### EXERCISE GOAL
Your task is to return all the entries below exactly, with every picture omitted.

### DATA TO EXAMINE
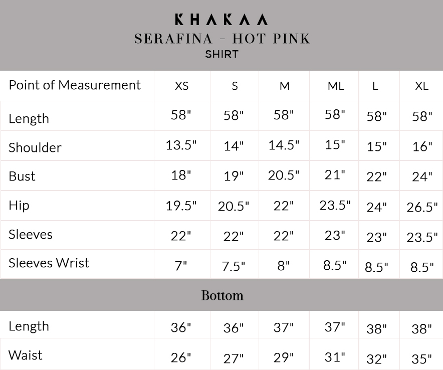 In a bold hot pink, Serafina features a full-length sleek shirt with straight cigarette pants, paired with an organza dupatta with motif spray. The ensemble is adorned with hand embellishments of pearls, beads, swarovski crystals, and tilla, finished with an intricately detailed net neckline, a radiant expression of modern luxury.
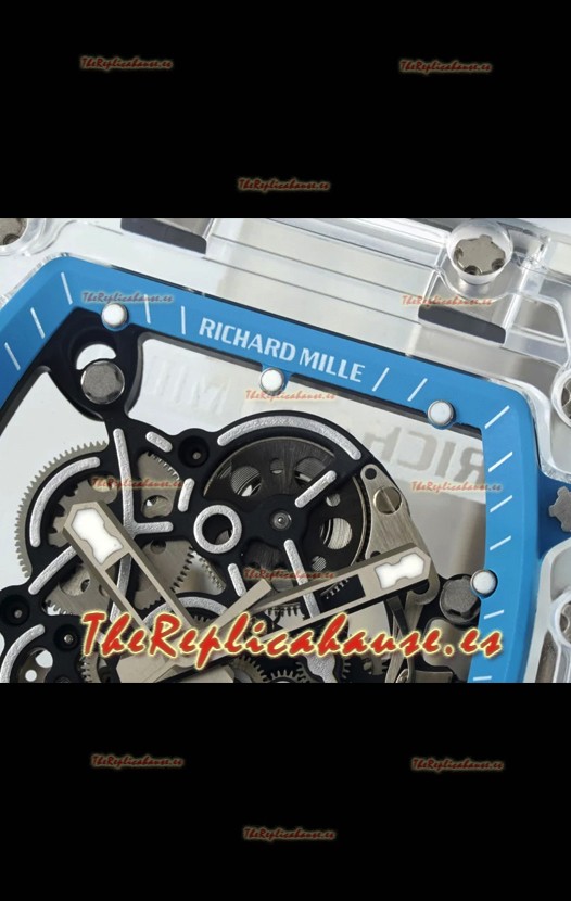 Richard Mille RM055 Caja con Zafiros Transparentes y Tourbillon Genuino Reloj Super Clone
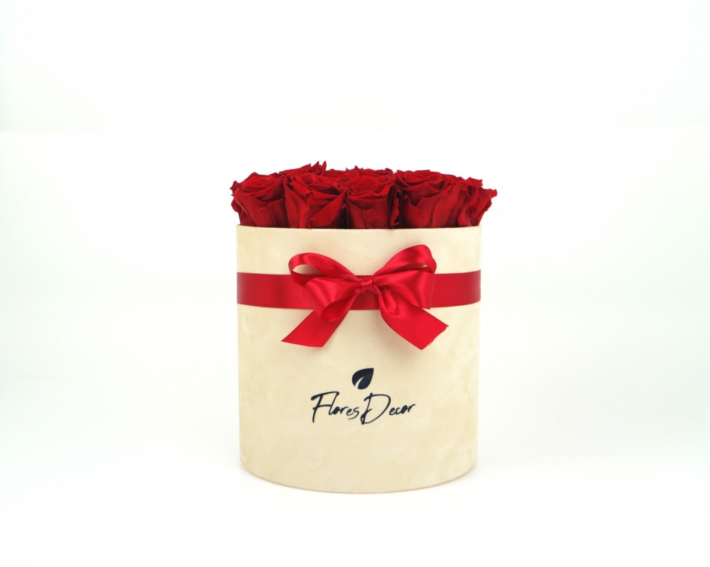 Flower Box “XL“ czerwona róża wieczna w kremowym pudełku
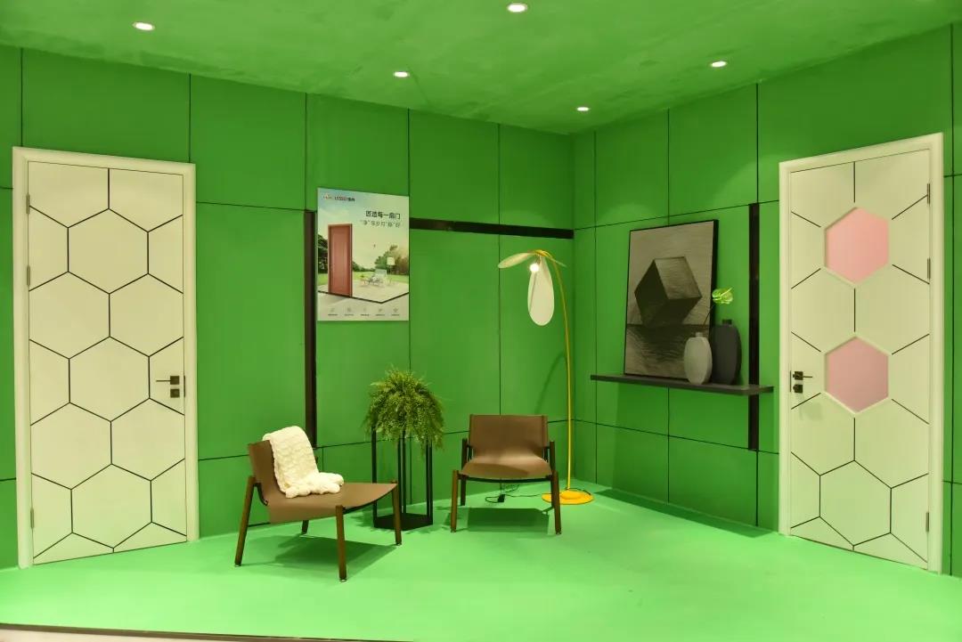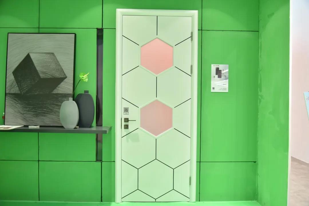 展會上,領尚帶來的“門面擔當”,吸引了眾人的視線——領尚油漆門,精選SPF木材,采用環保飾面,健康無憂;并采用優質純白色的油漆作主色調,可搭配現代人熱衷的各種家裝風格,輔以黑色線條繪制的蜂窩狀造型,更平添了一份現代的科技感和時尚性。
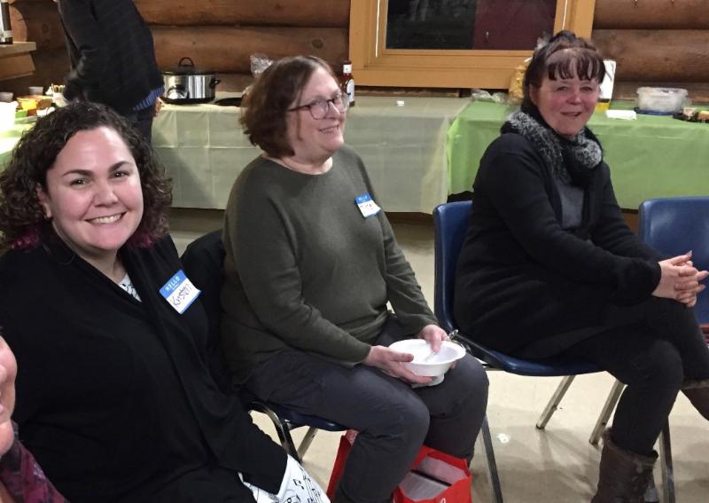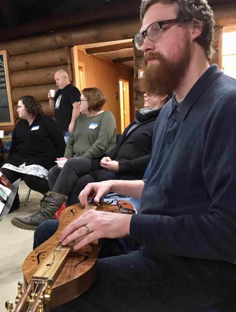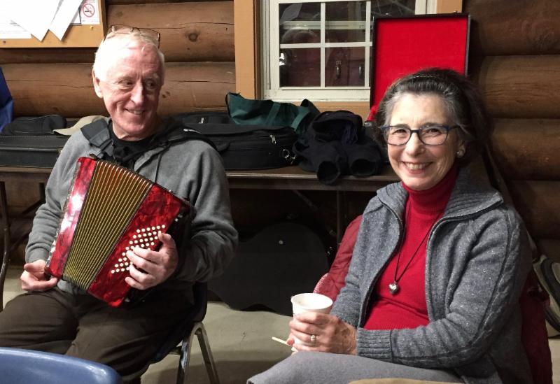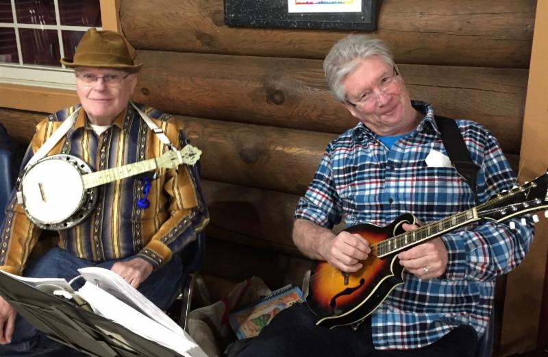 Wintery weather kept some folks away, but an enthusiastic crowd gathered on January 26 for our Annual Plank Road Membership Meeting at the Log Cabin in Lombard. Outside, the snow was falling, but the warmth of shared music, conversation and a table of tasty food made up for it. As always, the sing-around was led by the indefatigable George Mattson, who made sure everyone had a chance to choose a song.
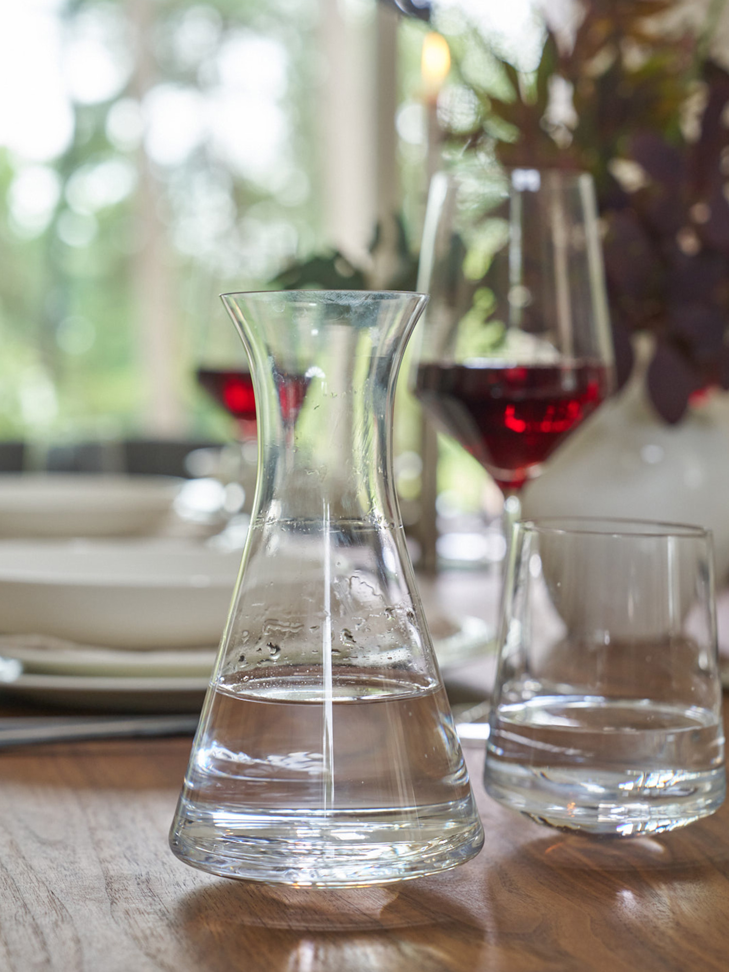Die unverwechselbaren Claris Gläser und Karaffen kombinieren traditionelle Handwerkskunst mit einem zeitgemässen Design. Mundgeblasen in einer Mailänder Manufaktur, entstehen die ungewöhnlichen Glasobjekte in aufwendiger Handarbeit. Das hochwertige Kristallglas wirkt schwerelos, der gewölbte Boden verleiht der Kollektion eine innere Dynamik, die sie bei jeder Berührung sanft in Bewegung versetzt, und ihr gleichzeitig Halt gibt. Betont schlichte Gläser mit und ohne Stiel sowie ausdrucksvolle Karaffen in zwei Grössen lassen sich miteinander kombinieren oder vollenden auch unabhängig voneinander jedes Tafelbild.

### COMPLETED TASK
 In a bold hot pink, Serafina features a full-length sleek shirt with straight cigarette pants, paired with an organza dupatta with motif spray. The ensemble is adorned with hand embellishments of pearls, beads, swarovski crystals, and tilla, finished with an intricately detailed net neckline, a radiant expression of modern luxury.
 Richard Mille RM055 Caja con Zafiros Transparentes y Tourbillon Genuino Reloj Super Clone
 Flower Box “XL“ czerwona róża wieczna w kremowym pudełku
 展會上,領尚帶來的“門面擔當”,吸引了眾人的視線——領尚油漆門,精選SPF木材,采用環保飾面,健康無憂;并采用優質純白色的油漆作主色調,可搭配現代人熱衷的各種家裝風格,輔以黑色線條繪制的蜂窩狀造型,更平添了一份現代的科技感和時尚性。
 Wintery weather kept some folks away, but an enthusiastic crowd gathered on January 26 for our Annual Plank Road Membership Meeting at the Log Cabin in Lombard. Outside, the snow was falling, but the warmth of shared music, conversation and a table of tasty food made up for it. As always, the sing-around was led by the indefatigable George Mattson, who made sure everyone had a chance to choose a song.
Die unverwechselbaren Claris Gläser und Karaffen kombinieren traditionelle Handwerkskunst mit einem zeitgemässen Design. Mundgeblasen in einer Mailänder Manufaktur, entstehen die ungewöhnlichen Glasobjekte in aufwendiger Handarbeit. Das hochwertige Kristallglas wirkt schwerelos, der gewölbte Boden verleiht der Kollektion eine innere Dynamik, die sie bei jeder Berührung sanft in Bewegung versetzt, und ihr gleichzeitig Halt gibt. Betont schlichte Gläser mit und ohne Stiel sowie ausdrucksvolle Karaffen in zwei Grössen lassen sich miteinander kombinieren oder vollenden auch unabhängig voneinander jedes Tafelbild.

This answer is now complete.